Up until age 9 I thought I was doomed, for I had four brothers and no sister in the room.

Then to my surprise, out of God's eyes came the most beautiful sister to help me rise.

She was what I always wanted, her face beautifully round and her checks so pudgy.

I was so thankful I thanked God as I knelt to the ground. I felt like God created her just for me, as he knew she would help me to be.

My sister became a child of God at an early age. That's what would carry her on, no matter what challenges came.

As my sister grew, the times we shared stood true, for she showed us all what she was in God's eyes - she was a part of him, though she was new.
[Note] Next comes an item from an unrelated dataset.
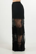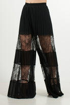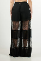 Pantalone Palazzo con Inserti in Pizzo e Plissé

As my sister grew some more at age 12 her life became troubled, but she knew she'd be ok, because her existence in God was strong and delightful, and she carried it so, just like a beautiful floating bubble.

Though her body ached with pain, my sister's cares were light, she knew everything would soon be all right, because God himself would make all things bright.

Sooner than later, my sister showed us all who she really was, she was a fighter.

It didn't even matter what challenges she faced, she just fought them and as a result her relationship with God became tighter. Today my sister rejoices, she sings and she dances.

Oh Lord, how I love her so. I love every inch of her, from the top of her head to the bottom of her toes.

Thank you Lord for blessing me with a sister, not just any sister, but just the exact one you wanted me to have.

I speak to my sister today and tell her that I love her so, I'll see you again sis; just make way for me so when God's ready, I to can go.

That was it, the poem that got me through the day. I finished it off with a thank you from myself and my four brothers too. I also thanked her husband Marc for being so loving and a wonderful living example of what a husband should be. I made it through my day and when it was finally over at 8 p.m. A few more tears streamed from my face, but this time they fell as tears of joy and not tears of sorrow, because I knew for sure now where my sister was.